Tuesday, July 31, 2007

learning note about ncRNA

  • siRNA and miRNA
Both are kinds of ncRNA(non-coding RNA);
Both are small, and short, ~20nt in length;
Both are involved in the RNA interference (RNAi) pathway where the siRNA interferes with the expression of a specific gene;
Difference in structure:
siRNA is a short (usually 21-nt) double-strand of RNA (dsRNA) with 2-nt 3' overhangs on either end.
while, miRNA is single-stranded RNA molecules of about 21-23 nucleotides in length with step-loop secondary structure.

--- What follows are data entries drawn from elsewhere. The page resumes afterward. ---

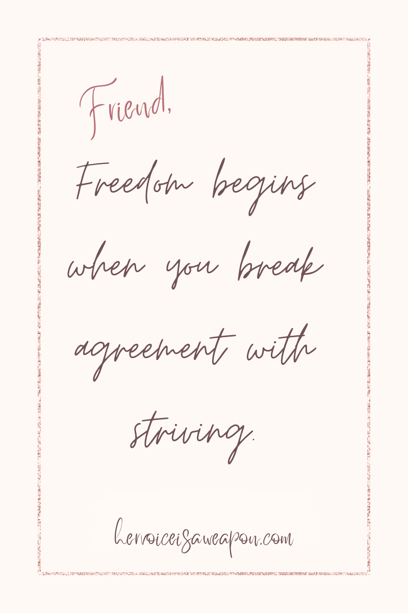 Freedom begins when you break agreement with striving and step into your identity as God’s daughter.
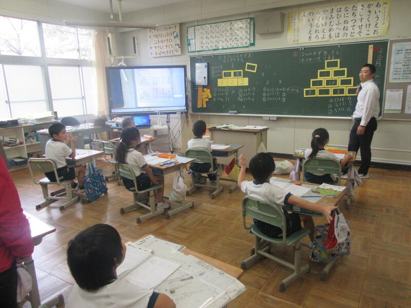 12月12日(火)3校時に1年生教室で研究授業が行われました。算数科の「けいさんピラミッド」をみんなで解いていきます。担任の先生が、「ピラミッドの謎を解いていくよ!いくぞ!」とみんなに声をかけます。1年生のみなさんもノリノリです。どのようなけいさんピラミッドになっているのでしょうか。
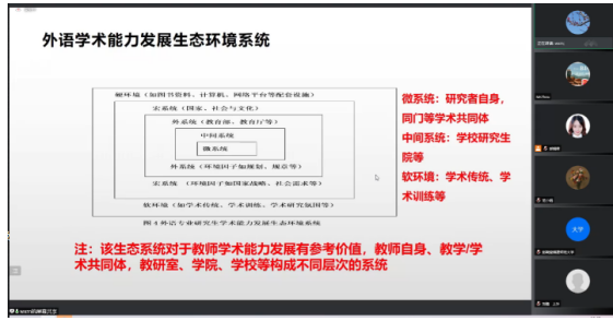 4月27日下午,师范英语教研室全体教师收看由中国传媒大学研究生学术论文写作工作坊主办的线上讲座,本次讲座邀请上海外国语大学的王雪梅教授担任主讲,由中国传媒大学赵硕教授主持。
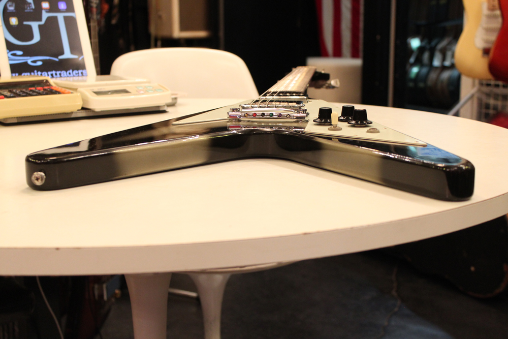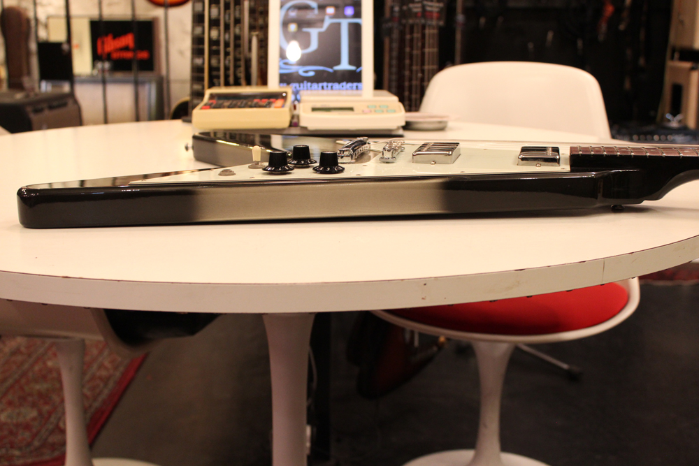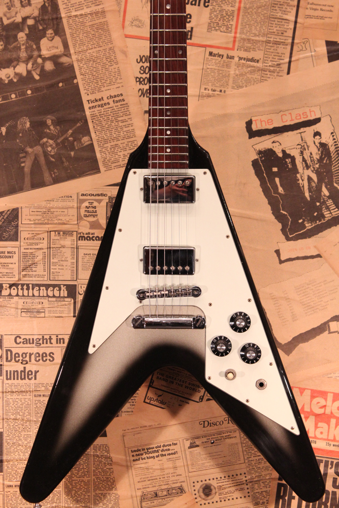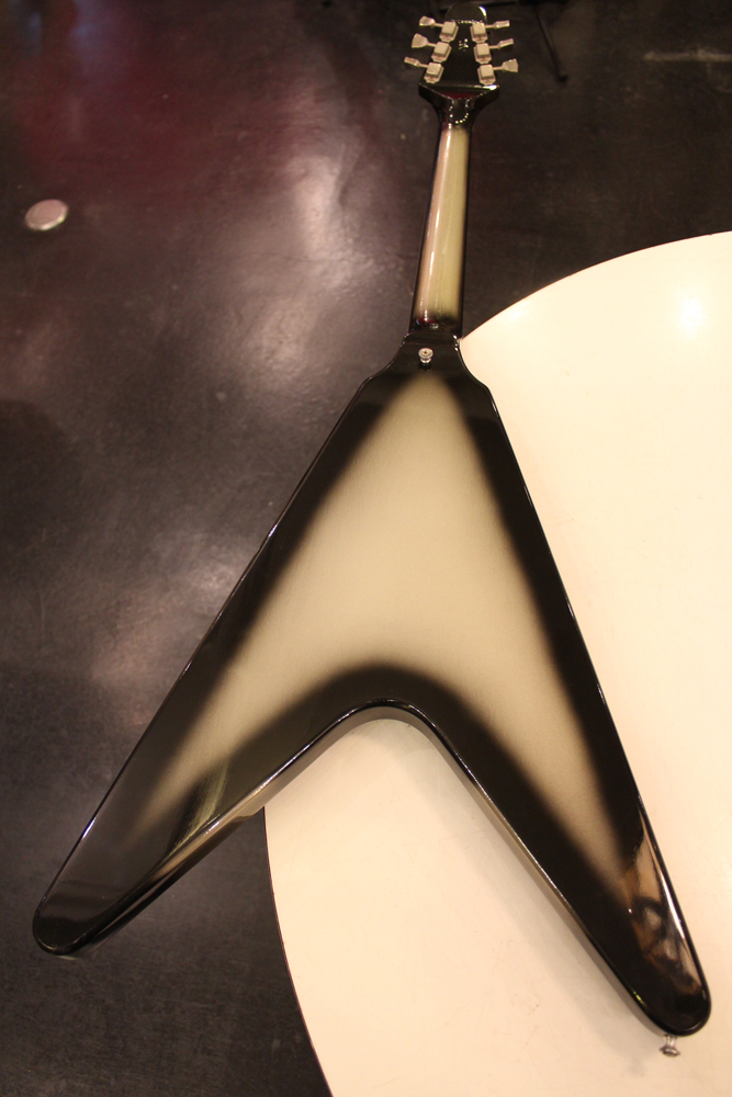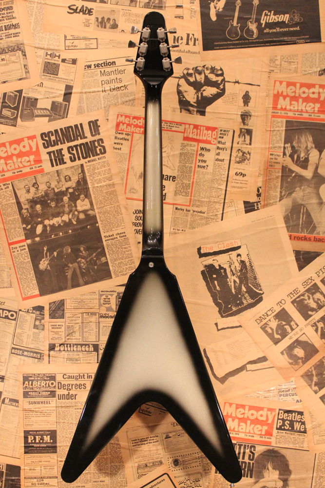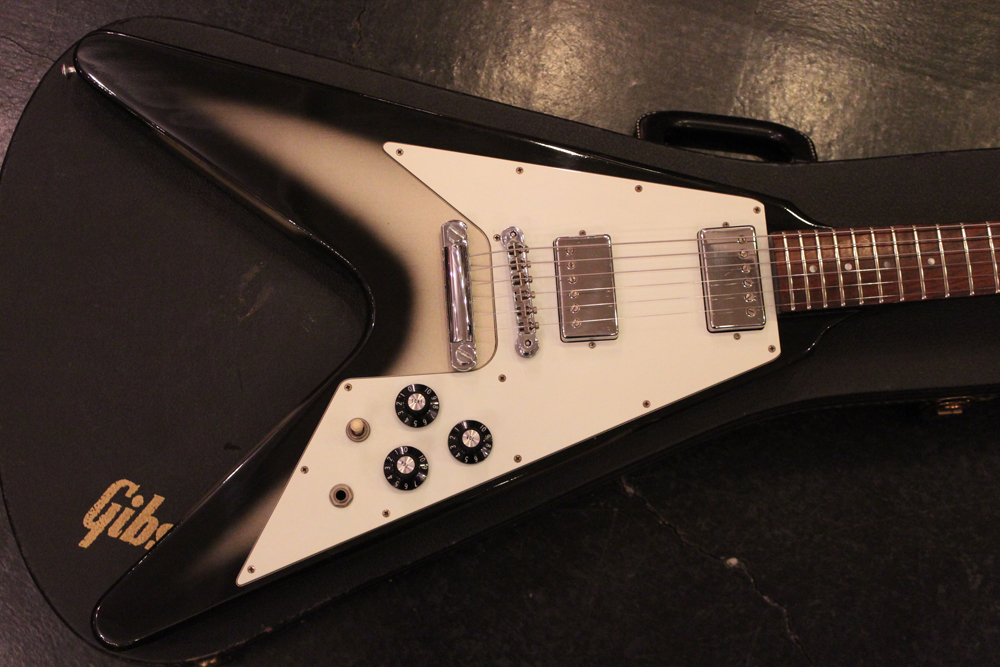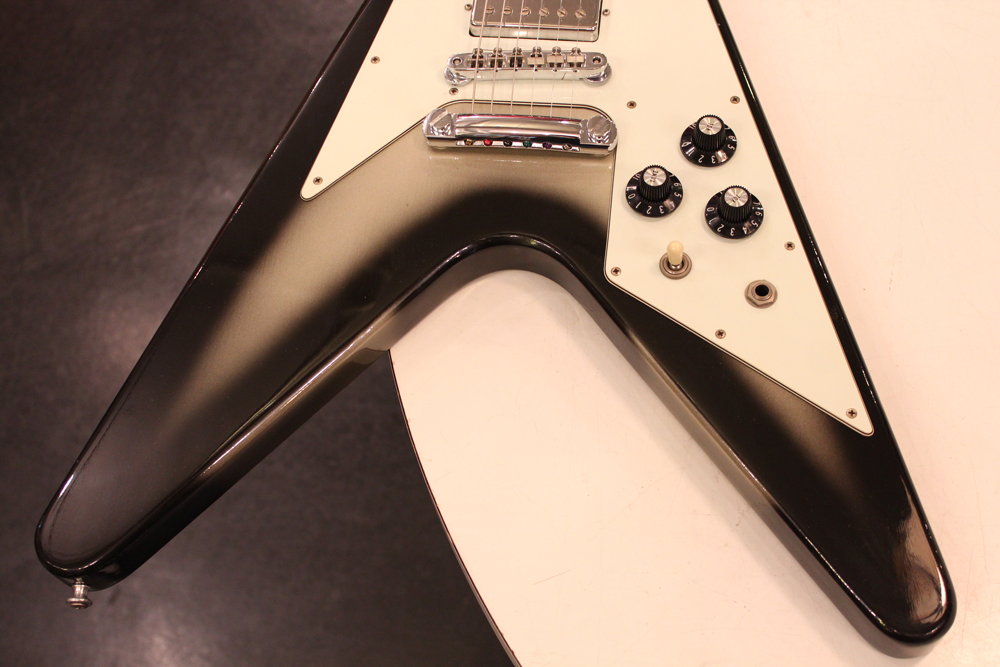 今回入庫分は、シルバー・バースト初期の79年製で、58年から続いたフライング・Vの木取りの、センター・ツーピース・ボディの最終期です

Another essential differcence I guess is siRNA is exogenous, while miRNA is endogenous. So, when people use this techonology(I think siRNA is just kind of technology, not RNA in cell naturally like miRNA) to do RNAi, two issues (innate immunity, and off-targeting) are chanllenging us.
Direct transfection of an exogenous siRNA can be problematic, since the gene knockdown effect is only transient, particularly in rapidly dividing cells. One way of overcoming this challenge is to modify the siRNA in such a way as to allow it to be expressed by an appropriate vector, e.g. a plasmid. This is done by the introduction of a loop between the two strands (like a miRNA in form), thus producing a single transcript, which can be processed into a functional siRNA. People also use this way to avoid the non-specific effects by siRNA; converting siRNA into a miRNA. MicroRNAs occur naturally, and by harnessing this endogenous pathway it should be possible to achieve similar gene knockdown at comparatively low concentrations of resulting siRNAs. This should minimize non-specific effects.
  • about miRNA
miRNAs are first transcribed as part of a primary microRNA (pri-miRNA). This is then processed by the Drosha with the help of Pasha/DGCR8 (=Microprocessor complex) into pre-miRNAs. The ~75nt pre-miRNA is then exported to the cytoplasm by exportin-5, where it is then diced into 21-23nt siRNA-like molecules by Dicer. In some cases, multiple miRNAs can be found on the pri-miRNA.
It's hard to know how long and what's the original form of pri-miRNA on genome, since it's not stable after transcribed. Could be very long, ~several kb, connected with many stem-loop structure. (Is it possible to contain intron, either? I guess it's possible. And also alternative transcription, why not?)
pri-miRNA then is Drosha-proceeded into pre-miRNA. pre-miRNA is ~60-100nt long, hairpin structure (only one loop?) . Then it's exported outside to cytoplasm, where they are digested into a sequence-specific single-strand mature miRNA by Dicer.
The mature miRNA then binds to a complex called RNA-Induced Silencing Complex(RISC). The RISC-bound miRNA then binds to specific mRNA by significantly but not completely complementary to the mRNA.
The ways that miRNA inhibits gene expression are different in plant and animal. In plant, the formation of the double-stranded RNA(dsRNA) through the binding of the miRNA triggers the degradation of the mRNA transcript through a process similar to RNA interference (RNAi); while in animal, it prevents translation without causing the mRNA to be degraded. Animal miRNAs are usually (partially) complementary to a site in the 3' UTR whereas plant miRNAs are usually (highly) complementary to coding regions (also found in 5' UTR and 3' UTR) of mRNAs.